BigQueryConfig(**data: Any) : Configuration for BigQuery.

Create a new model by parsing and validating input data from keyword arguments.

Raises [ValidationError][pydantic_core.ValidationError] if the input data cannot be validated to form a valid model.

self is explicitly positional-only to allow self as a field name.

Ancestors (in MRO)

  • airbyte.shared.sql_processor.SqlConfig
  • pydantic.main.BaseModel
  • abc.ABC

Descendants

  • airbyte.caches.bigquery.BigQueryCache

Class variables

credentials_path: str | None : The path to the credentials file to use. If not passed, falls back to the default inferred from the environment.
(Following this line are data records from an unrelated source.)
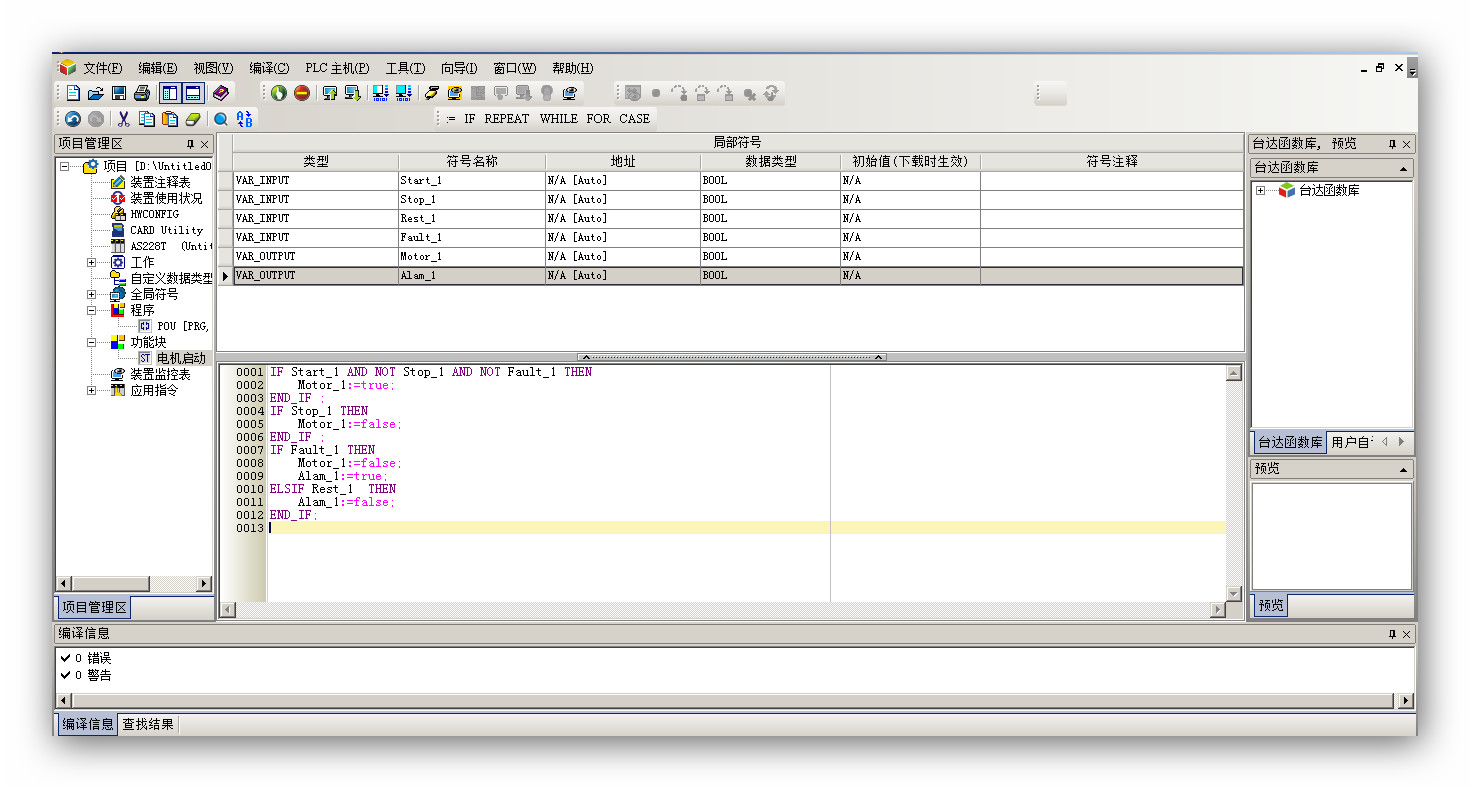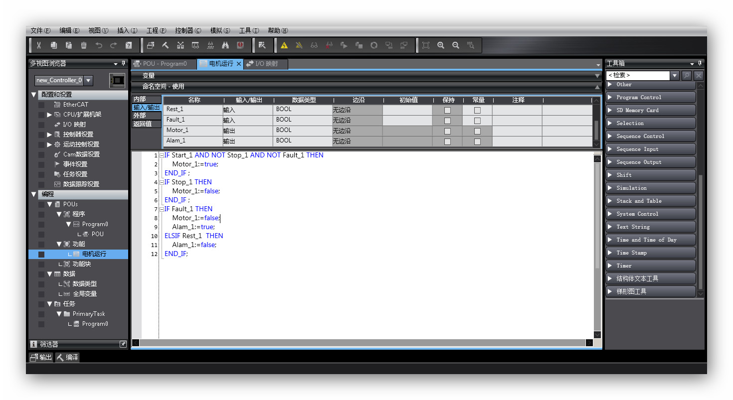 IF Start_1 AND NOT Stop_1 AND NOT Fault_1 AND NOT Alam_1 THEN (* 啟動(dòng)條件 *)
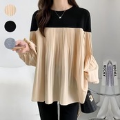 Tシャツ 韓国 カットソー シフォンブラウス 【上品】春 夏 シフォン シャツ プリーツ ランタン袖 切り替え ラウンドネック 長袖 ブラウス ゆったり 凉感 体型カバー 気質 着やせ
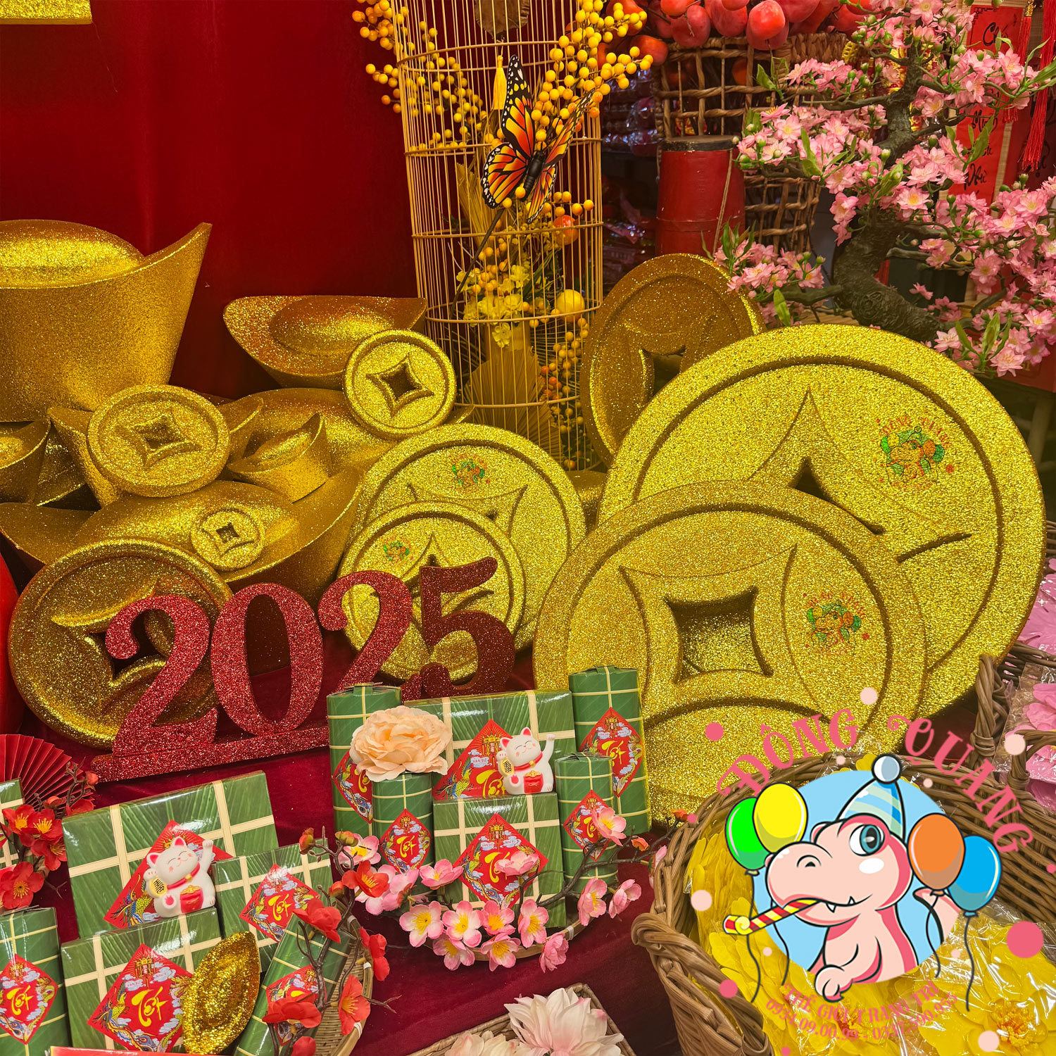 - Chất liệu: Mút xốp (foam), phun kim tuyến.
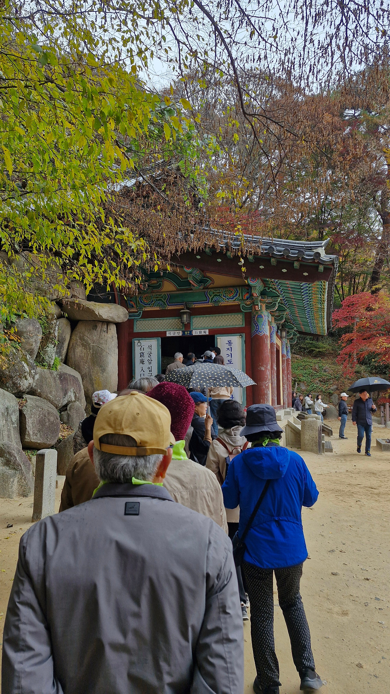 이어서 토함산 길을 올라 석굴암 앞에 줄을 서니 바람이 언어의 가장자리를 걷어 갔다. 곧 원형 주실과 전실의 비례가 중심을 향한 마음의 수렴을 부드럽게 돕는 장치처럼 느껴졌다. 더불어 본존과 권속상의 배열은 교학적 위계를 품고 있었다. 보살·제자·신장들이 앞·옆·뒤에 서고, 높이와 거리, 바라보는 방향을 달리한 그 배치 자체가 불교 교리의 위계와 질서를 눈앞에 드러내는 도상 언어처럼 다가왔다. 그래서 말로 듣는 설명보다 침묵 속에서 더 또렷이 이해되는 순간이었다. 오늘 잠시 스치듯 관람한 시간이었지만, 젊은 시절의 장면과 최근의 분주함이 포개지며 호흡은 다시 일정한 깊이를 되찾을 수 있었다.
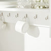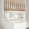 - Het heeft opbergruimte voor 11 borden en opberggedeelte voor kommen, mokken, kopjes enz. en 7 haken aan de onderkant voor het ophangen van kopjes.
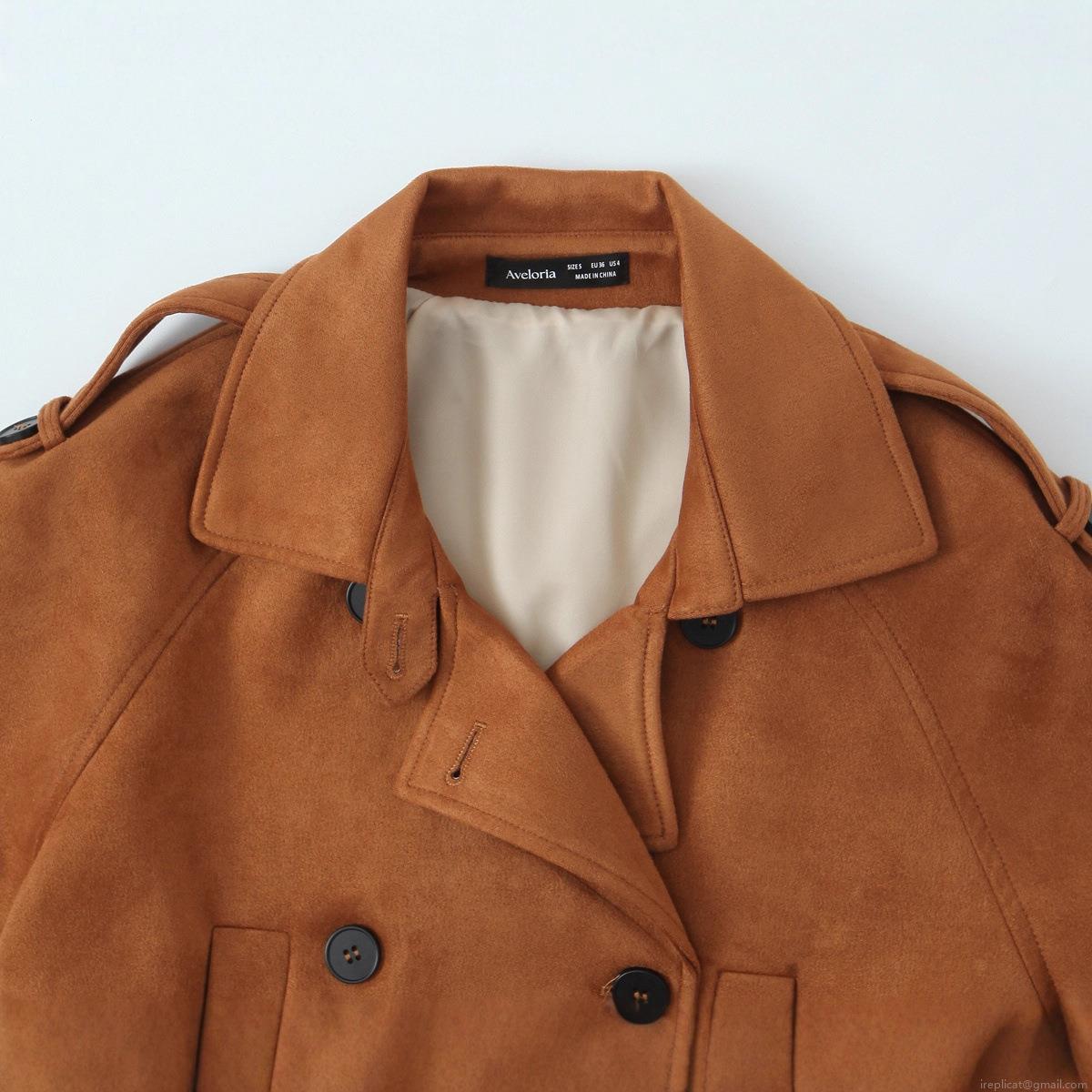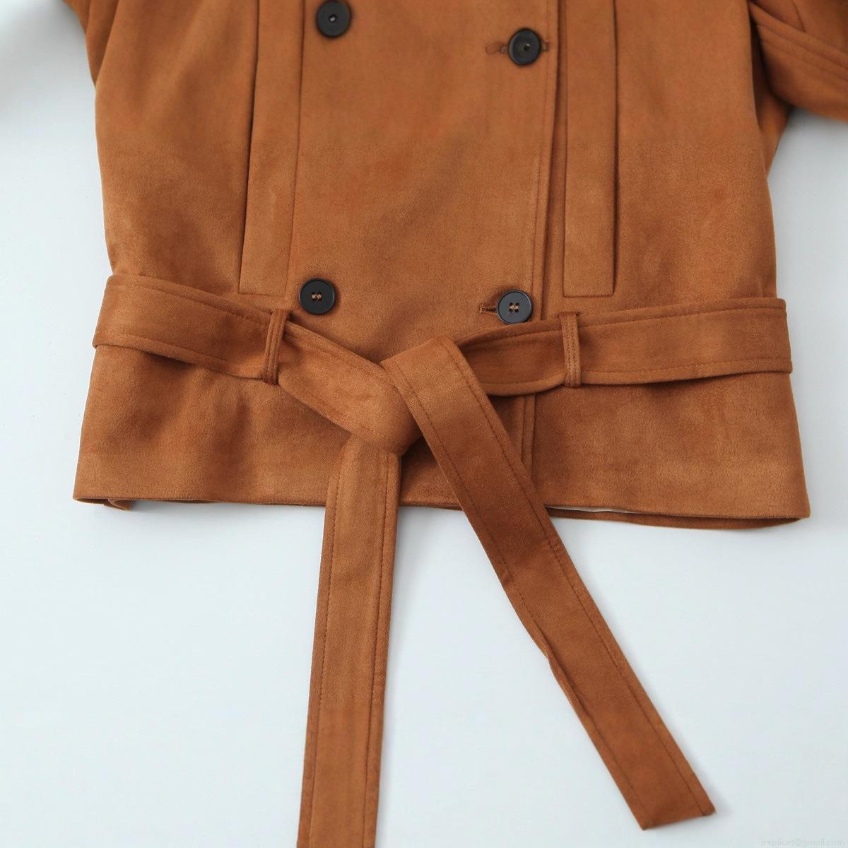 • Women's Suede Velvet Jacket Double Breasted Lapel Biker Coat With Belt Autumn Winter Short Streetwear Outerwear For Women
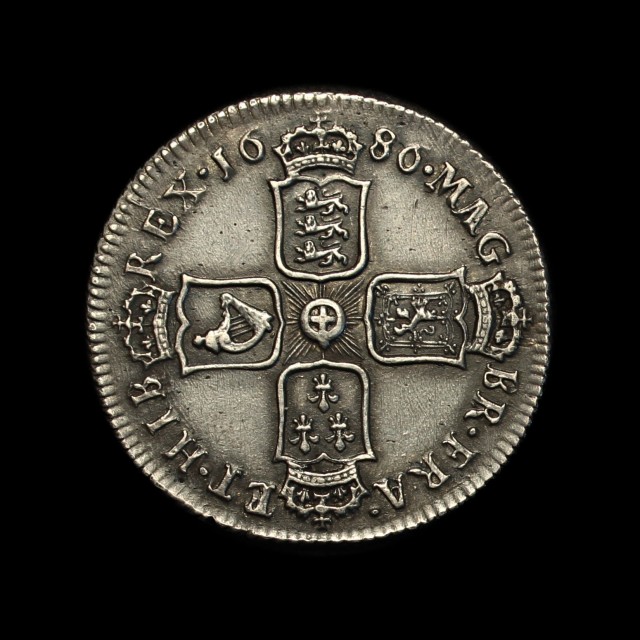 1686, laureate head left, rev. crowned cruciform shields, angles plain, (S.3410, ESC.765)
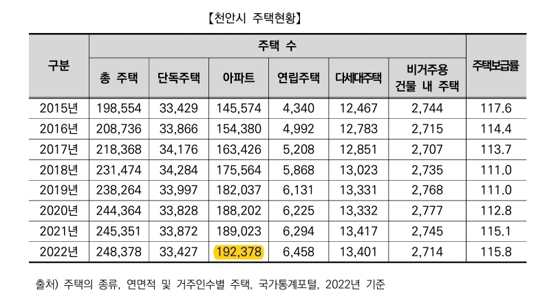 천안시 주택 보급률은 2022년 기준 115.8이며, 아파트가 대다수를 차지하고 있습니다.
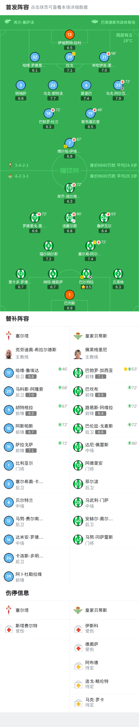 第45分钟,皇家贝蒂斯球员洛塞尔索助攻巴尔特拉打入一球。
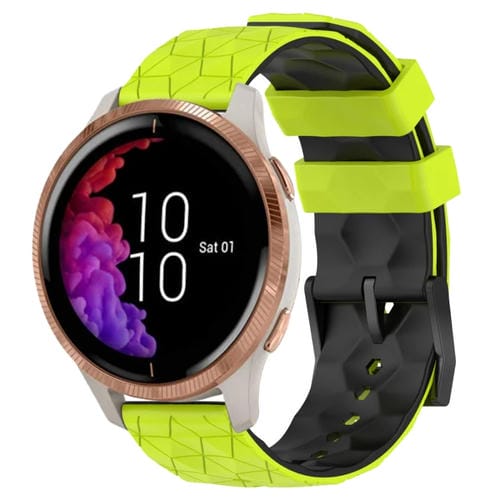 Banda de Reloj Garmin Venu 20mm Patrón de Fútbol silicona dos colores (Verde Lima + Negro)
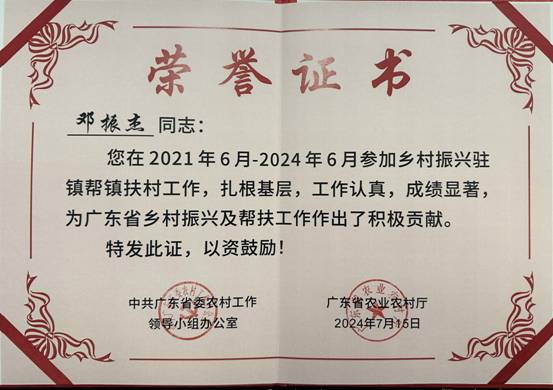 鄧振杰同志獲中共廣東省委農(nóng)村工作領(lǐng)導(dǎo)小組辦公室、廣東省農(nóng)業(yè)農(nóng)村廳表揚(yáng)
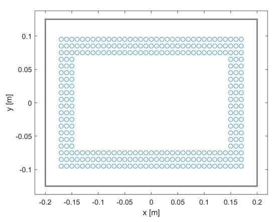 Candidate (blue circles) bar positions inside the dielectric rectangle (grey line). Bars are numbered from bottom left to top right.
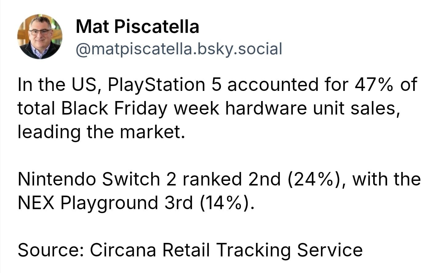 It appears that Sony’s strategy of reducing the price of PlayStation 5 consoles worked quite well, as the PS5 was reportedly the best-selling gaming console in the US during Black Friday 2025. According to data collected by Circana, the Sony PS5 accounted for 47% of the total gaming console volume moved during Black Friday 2025. The Nintendo Switch 2 was the second-best-selling console at 24%.
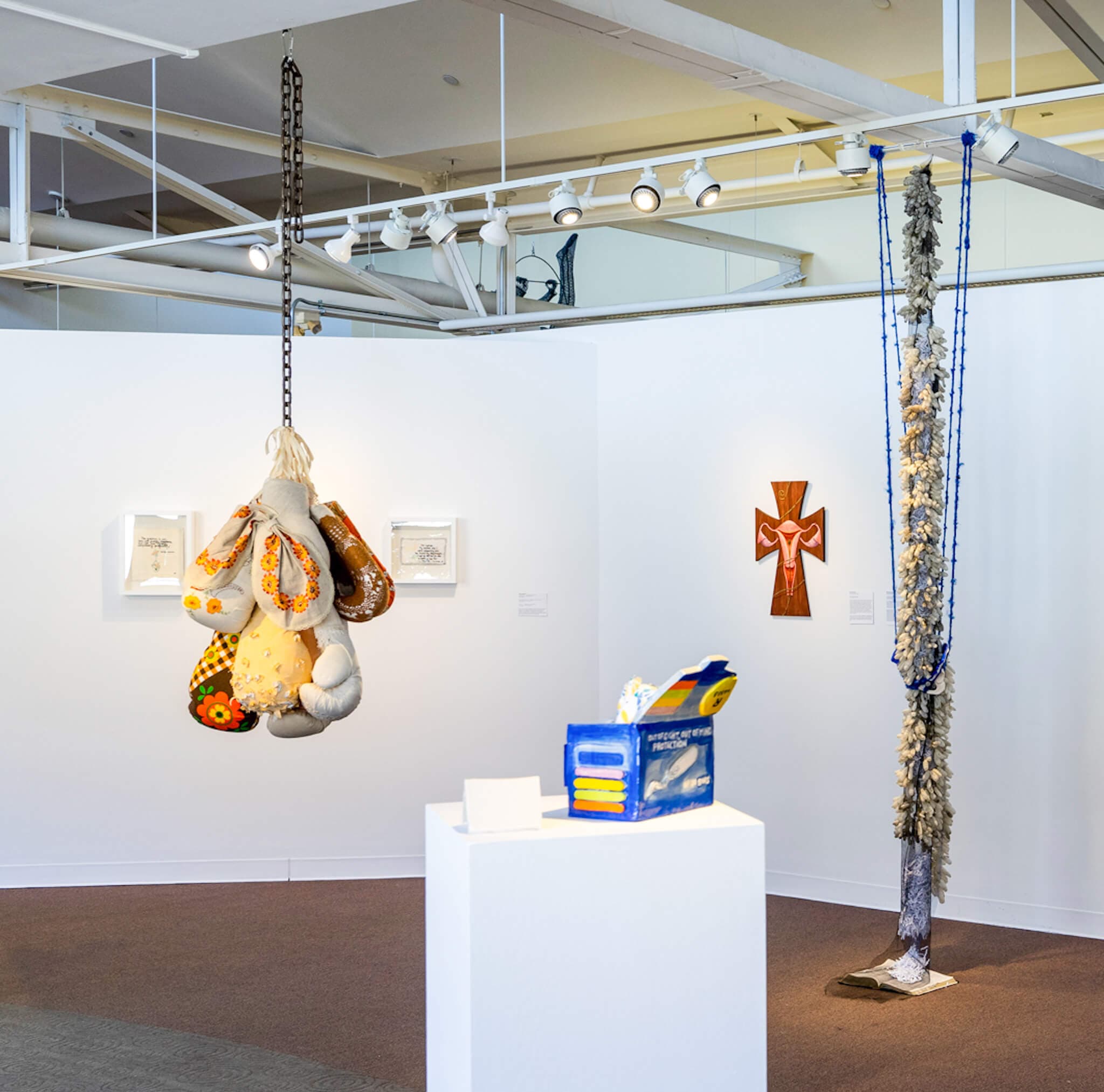 Sculptures linked together by the theme of reproductive justice are suspended from the ceiling.
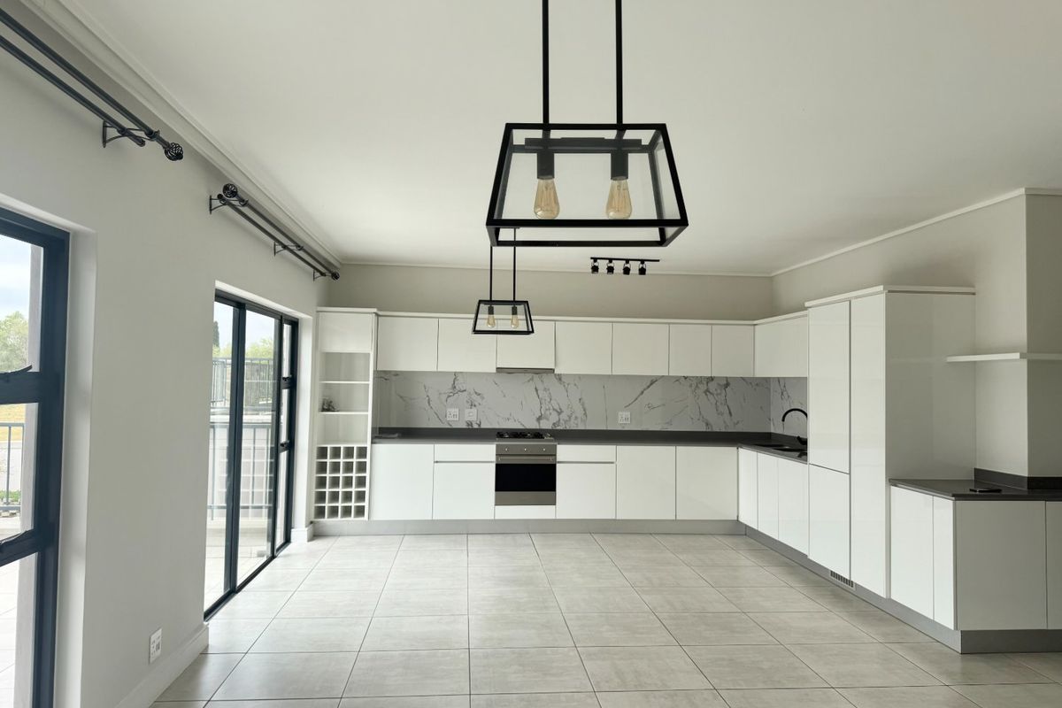 Resort-style penthouse living in eco-conscious Polofields Estate, Waterfall — upscale convenience and rooftop privacy. Covered patio with built-in braai, plus two bedrooms and two bathrooms.
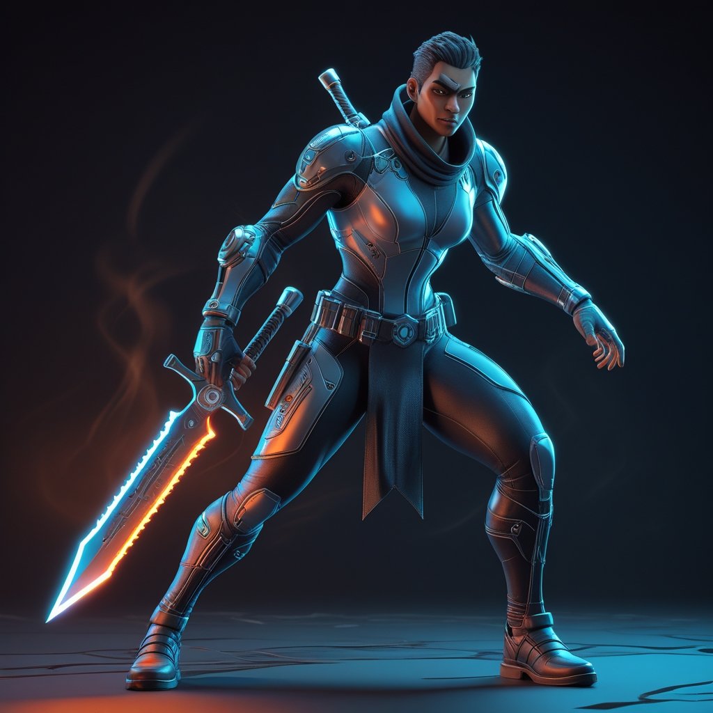 A fearless futuristic swordsman, clad in high-tech armor, wielding a glowing plasma blade. With unmatched skill and unwavering determination, he stands as a lone guardian in the digital battlefield.

database_name: str : The name of the project to use. In BigQuery, this is equivalent to the database name.

dataset_location: str : The geographic location of the BigQuery dataset (e.g., 'US', 'EU', etc.). Defaults to 'US'. See: https://cloud.google.com/bigquery/docs/locations

model_config :

Instance variables

dataset_name: str : Return the dataset name (alias of self.schema_name).

project_name: str : Return the project name (alias of self.database_name).

Methods

get_database_name(self) ‑> str : Return the name of the database. For BigQuery, this is the project name.

get_sql_alchemy_url(self) ‑> airbyte.secrets.base.SecretString : Return the SQLAlchemy URL to use.

We suppress warnings about unrecognized JSON type. More info on that here:

get_vendor_client(self) ‑> google.cloud.bigquery.client.Client : Return a BigQuery python client.